I'm basically getting 0 for everything. Here's the full output of all 5 cycles of the input that shows both the input, output, and hz value:

https://gist.github.com/anonymous/ed419f4cfb43887c810e

double *in;
fftw_complex* out;
fftw_plan p;

std::vector<double> sinx;
double samplerate = 1000.0;
double frequency = 20.0;
double num_cycles = 5.0;
for (int i=0; i<samplerate/frequency*num_cycles; i++){
    sinx.push_back(sin(2.0*M_PI*((double)i)*frequency/samplerate));
}
int N = sinx.size();

in = (double*) fftw_malloc(sizeof(double)* N);
out = (fftw_complex*) fftw_malloc(sizeof(fftw_complex) * N);
p = fftw_plan_dft_r2c_1d(N, in, out, FFTW_ESTIMATE);

for (int i=0; i<N; i++){
    in[i] = sinx[i];
}

fftw_execute(p);

double hz_per_index = samplerate/2.0/N*num_cycles;
for (int i=0; i<N; i++){
    std::cout<<"hz: "<<hz_per_index * (i % (int)(N/num_cycles))<<" out: "<<out[i][0]<<" in: "<<in[i]<<std::endl;
}

fftw_destroy_plan(p);
fftw_free(in); fftw_free(out);

return 0;

}

2
Your output function is only outputting the first 50 of the 500 results . It seems like you were attempting to output every 5th result or something.M.M
Please make that N an integral type.NicholasM
I was only outputting the first complete cycle of the input. Now the code outputs all the cycles and I created a gist of the output showing the input, output, and corresponding hz value of the cycle.sugarmuff

2 Answers

6
votes

You're allocating an array of fftw_complexes, which consist of two elements — the real and complex components — but you're only initializing the real component of each sample. This is probably leaving the complex components containing random data, causing unexpected crazy results!

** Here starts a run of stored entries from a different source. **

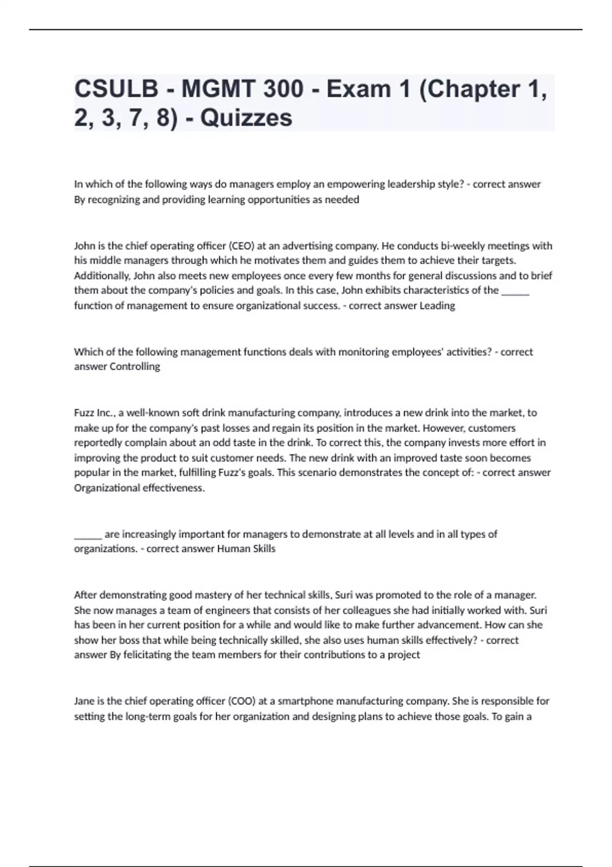 CSULB - MGMT 300 - Exam 1 (Chapter 1, 2, 3, 7, 8) - Quizzes. questions and answers certified 2024
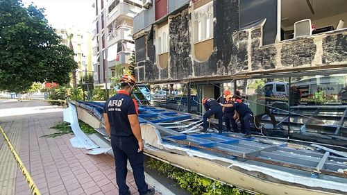 Antalya'da 5 katlı binanın reklam panolarını taşıyan dış cephe kaplaması düştü
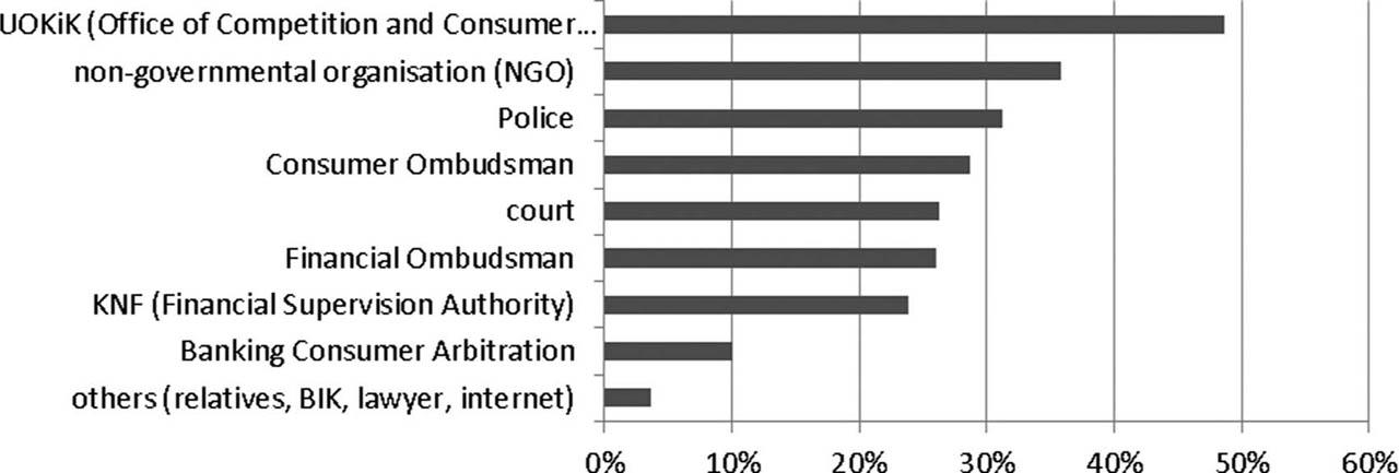 In the case of misselling, the respondents would first of all turn to the President of the UOKIK/OCCP (48.6%) and second to the non-governmental consumer organisations (35.8%) (Figure 13). Interestingly, the third place was taken by the Police – this is puzzling because most misselling cases are civil cases and are not reported to the police, while only criminal cases are reported to the Police. Such a response of the respondents proves little knowledge in this area. The respondents’ knowledge of the competences of new bodies such as the Financial Ombudsman is low. Respondents are more eager to identify the President of the Office for Competition and Consumer Protection (UOKIK, OCCP) as the ‘first contact’ authority in the event of a misselling, although the Financial Ombudsman has a wider range of subjects and provides individual assistance, so his support is universal (in all complaints).
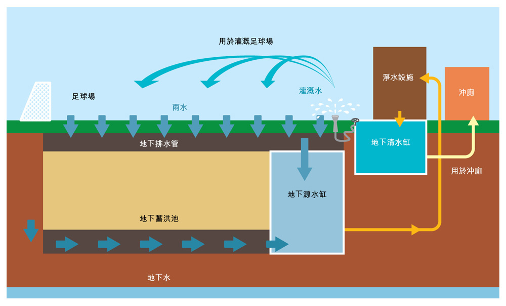 快活谷馬場是跑馬地的地標,該處的跑馬地遊樂場設有11個球場、緩跑徑、健身設施及大型綠化地帶。這些設施每日需要耗費大量水資源作灌溉和沖廁等用途。我們把握機會,在跑馬地地下蓄洪計劃中加設水資源採集及回用系統,回收地下水、過剩的灌溉水及雨水,將其適當處理後再用於灌溉和沖廁,系統啟用後將大幅減少食水的使用量。
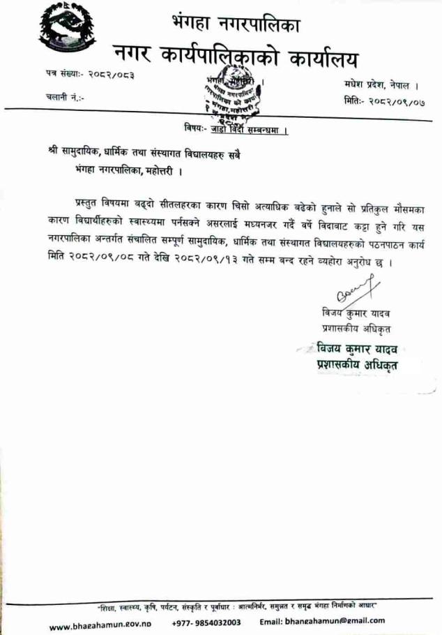 जाडो बिदा सम्बन्धमा ।
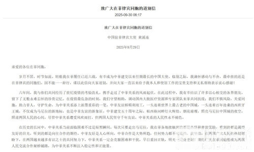岁月不居,时节如流。转眼我在菲履任已近六载,有幸成为中菲建交以来任期最长的中国大使。临别之际,我满怀感动与不舍,最牵挂的还是在菲律宾的同胞们。因不能一一辞行,谨以此信向大家道别,并向大家一直以来给予我本人和使馆工作的宝贵支持和无私帮助表示衷心感谢!
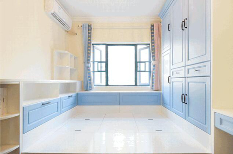 @Ivy家的功能房,藍白色調,清新且具有異域風情。小房間內,集收納、展示、休閑于一體的榻榻米剛好適合她的需求。
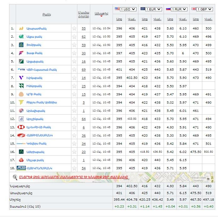 Մեկ դոլարը գնվում է 394 դրամ նվազագույն և 401 դրամ առավելագույն փոխարժեքով, վաճառվում՝ 402.50 դրամ նվազագույն և 406 դրամ առավելագույն փոխարժեքով:
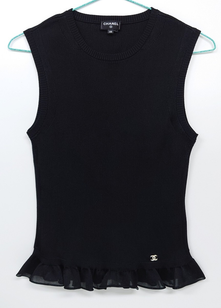 Product name: 【SR-949】 美品 CHANEL ニット フリル サイズ 38 Mサイズ 相当 シャネル トップス ノースリーブ CCマーク ブラック系 黒系 ブランド
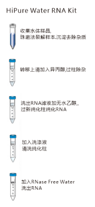 | 水体样本收集再在特殊裂解液和含有玻璃珠的管内珠磨,离心得到澄清上清加入结合液,在玻璃纤维柱内结合核酸,在通过两次清洗洗去杂质,最后用少量水洗出。 | |
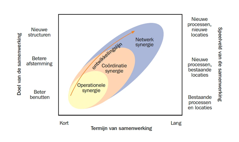 Het onderzoeksproject SYLONET (SYnergievoordelen in LOgistieke NETwerken uit 2003) liet al zien dat synergie de sleutel is: het geheel wordt meer waard dan de som der delen. Er zijn drie niveaus van samenwerken met oplopende synergievoordelen:
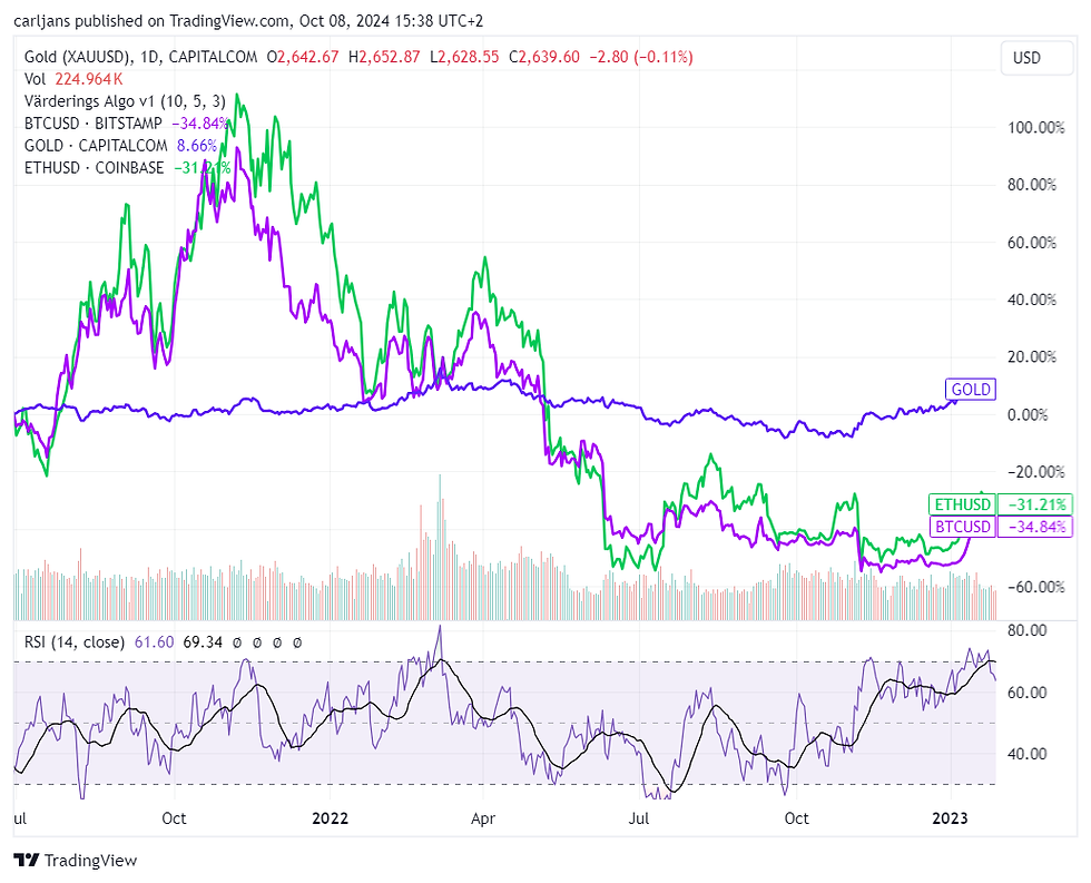 värdefulla saker. Bland annat att Guld är en bra inflationshedge och att krypto är en helt värdelös inflationshedge. Det var i mitten av 2021 som inflationen verkligen började ta fart runt om i värden. Till höger i bild ser ni den Sveriges KPI. Juli 2021 stod KPI på 1,3%. I Januari 2023 var den istället på 12,3%. Så hur presterade Guld vs det "digitala guldet" under denna period? Mixat, är väl det snabba svaret. Guld steg med +9% medan Bitcoin gick -35% och ETH backade med -31%. Och som ni ser har jag till och med varit "snäll" i min mätning. Jag har inte ens mätt från och med när krypto faktiskt toppade av.
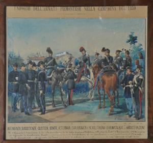 - NOTIZIE STORICO CRITICHE La litografia acquerellata appartiene ad una raccolta di cinque tavole realizzate da Quino Cenni nel 1880 e dedicate alla documentazione delle uniformi dell'Armata Piemontese nella campagna militare del 1859.
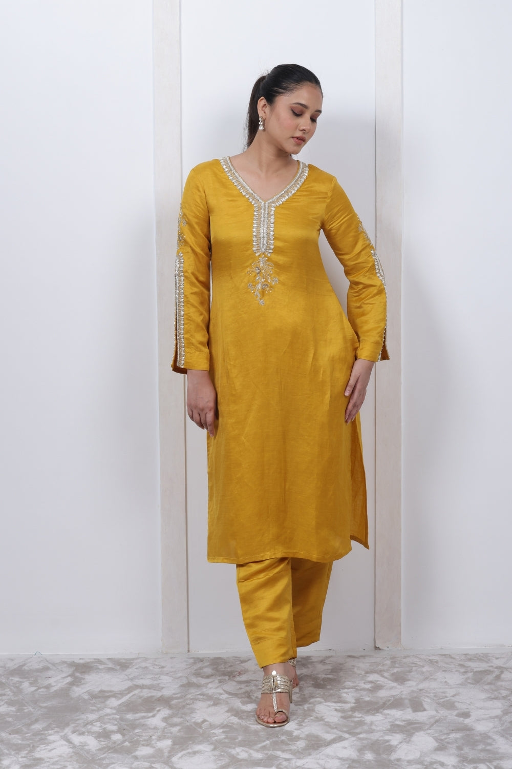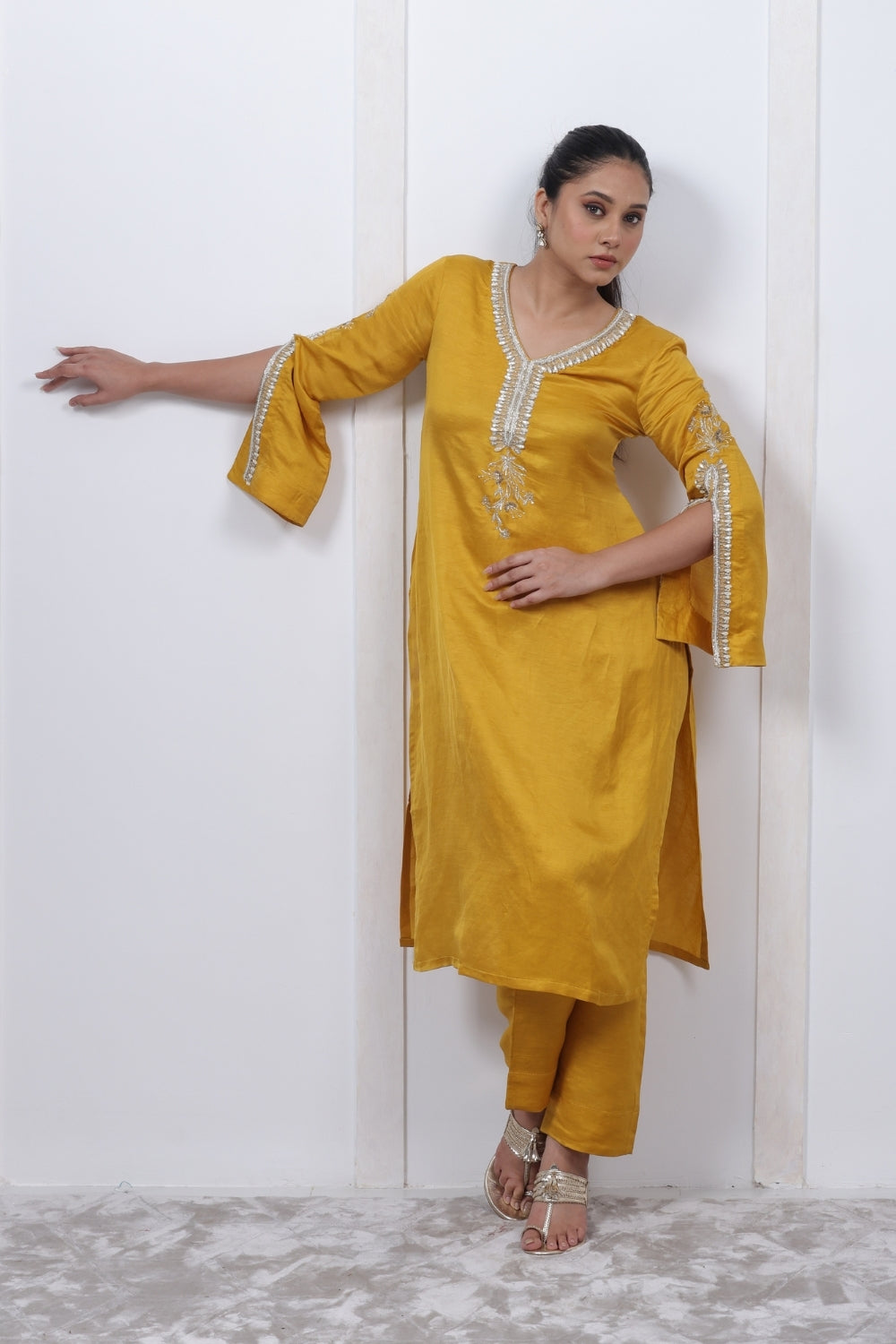 | Description | A timeless Mustard yellow kurta set,with sophisticated embroidery on yoke with dramatic sleeves. |
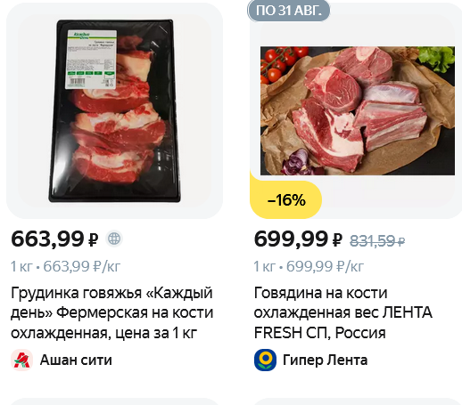 Еще не отзвенели дорогие яйца, как в Новосибирске повысились цены на говядину, — уже 943 руб/кг (ссылка ). А ведь пару лет назад она стоила 500.если верить властям то народ массово получает по 100 килорублей в месяц. Если вспомнить совок то при зарплатах в 100+ рублей говядина была по 1 рубль 90 коп, т.е. дороже)) а в коопторге 3 руб. 50 коп. так что...

If you don't need to deal with complex samples — which is likely — you may want to use one of FFTW's real-data DFT functions, which takes a double array as input. Otherwise, initialize all the complex components (in[i][1]) to zero.

Additionally, you're not looking at the complex component of the output. There may be something significant there you're missing out on.

2
votes

Your input are 10 periods of a pure real sine wave. This means:

  • Your output is pure imaginary caused by the odd sine function (sin(x) = -sin(-x)) In the case of a cosine function the output were pure real because cosines is an even function (cos(x) = cos(-x)
  • There are only two frequency lines, one in the positive frequency band and one in the negative band.
  • Because you have 10 periods in your input, your lines should occur at out[10][1] and out[N-10][1].
  • Because you didn't normalize the output and the number of samples is 500, the amplitudes should be out[10][1] = -250 and out[490][1] = +250.
  • All other values should be zero.